最近は保温機能があるお弁当箱など、便利なものがあります。温かいものを食べるとほっとするので、炊きたてのご飯とか、インスタントスープとか、温かいものを入れて持たせるのもおすすめです。

――遠方から来て、宿泊先から入試会場に向かう場合など、コンビニで購入する受験生も少なくありません。

宿泊先でも、パンにジャムをはさんだり、インスタントスープを作ったりするくらいなら、できるかもしれません。でも、作るかどうかじゃないんですよね。本番の朝にバタバタするのは落ち着かないと思うので、親御さんが同行する場合は、親御さんが買いに出るだけでも十分にサポートになるし、お子さんには気持ちが伝わると思います。
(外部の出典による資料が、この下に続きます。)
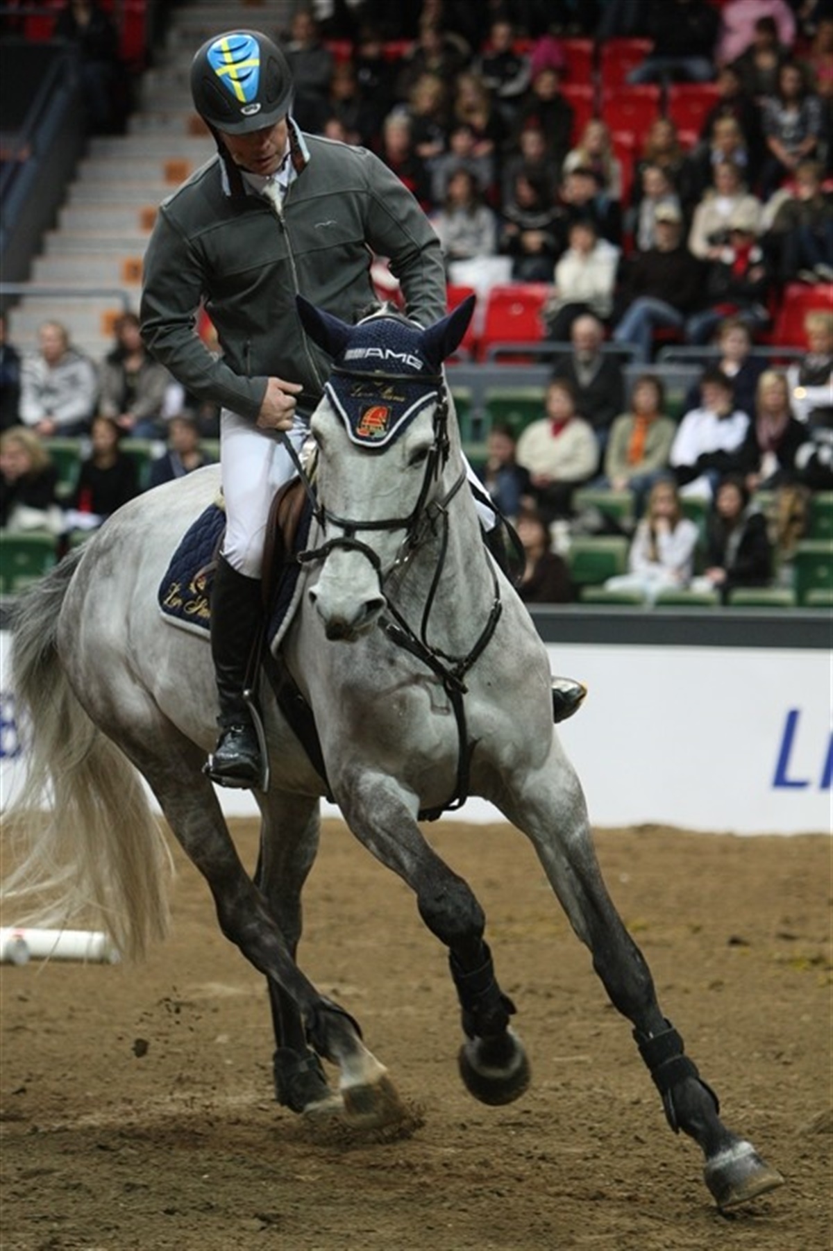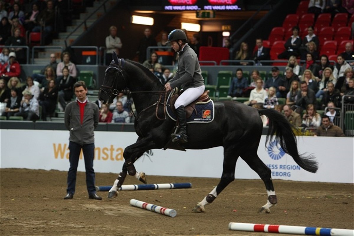I Ridehesten har vi bragt flere træningsartikler, hvor Rolf-Göran Bengtsson og Bo Kristoffersen har givet gode råd til træning og uddannelse af springheste. I Göteborg gav Rolf en smagsprøve på, hvordan han træner sine heste. Hele tiden lød det fra Rolf: vær rolig, tag det roligt. Og så viste han velredne heste, som han kunne regulere størrelsen på deres galopspring på, uden modstand fra hestens side. Kontrol, var også et af kodeordene i dagens clinic, men kontrol på en sådan måde, at man også giver plads til, at hesten tør og kan tænke selv, for det er vigtigt, når det går løs inde på banerne i konkurrence.

お子さんが自分で買う場合は、栄養などは気にしなくていいので、お昼が楽しみになるようなものを選べばいいんです。ただし、揚げ物ばかりだと胃もたれするので、コンビニに行き慣れていないお子さんだったら、それくらいはアドバイスしてもいいかもしれません。

それから、うちの息子は緊張すると胃がきゅっとなって、食欲がなくなるようでした。ロールケーキでも、ヨーグルトでも、ゼリー飲料でも、そういうときでも食べられそうなものを、少し余分に持って行っておくと安心です。

――お弁当で注意したほうがいいことはありますか。

「冷めてもおいしい」を意識することです。豚や牛の脂は、冷めると固まっておいしくなくなってしまいます。また、硬めの米飯は冷めるとカチカチになってしまいます。おかずは鶏肉をうまく活用し、お米は水分を少し多めに炊いたりするか、それこそ保温機能のあるお弁当箱を活用して、温かいまま持って行くことでしょうか。

それから、お弁当の中身がぐちゃぐちゃになってしまったり、汁がもれたりしたときの気持ちのダメージって大きいですよね。中身が混ざらないようにするには、横も上もきちんと詰めるのがコツです。お子さんがまだ高校1、2年というご家庭は、模試のたびにあれこれ試してみてもいいかもしれないですよ。

汁もれ対策にはプラスチック製の密閉容器もおすすめ(写真=渡辺あきこさん私物/編集部撮影)

――最後に受験生を持つ保護者へのメッセージをお願いします。

おいしいものがあるだけで、うれしくなったり、リラックスできたりしますよね。だから受験本番のお弁当は、栄養バランスや特別感よりも心の安定が第一。緊張するなかでお子さんがうれしくなったり、ほっとできたりするものを用意してあげるといいと思います。

ただし、入試の朝は早いですし、親御さんが無理をしないことも肝心です。野菜や彩りはプチトマトやきゅうりで十分だし、おにぎりの具はサケフレークを入れるだけでもいいし、ロールパンにゆでたソーセージをはさんだものだって立派なお弁当です。

親御さんがこうして一生懸命に考えてくれていることは、お子さんにもきちんと伝わりますので、お弁当の準備もぜひリラックスして楽しんでくださいね。私の経験が、少しでもお役に立てたら光栄です。

(写真=本人提供)

渡辺あきこ(わたなべ・あきこ)/料理研究家。料理学校の講師を務めたのち独立。和食を中心とした家庭料理を得意とし、雑誌、書籍、テレビ、新聞、講習会などで活躍している。著書に『渡辺あきこの東大合格ごはん』(主婦の友社/電子版発売中)、『すぐに作れてカラダにやさしいから、塾弁にもぴったり! こどもが喜ぶ スープジャーのお弁当』(世界文化社)など多数。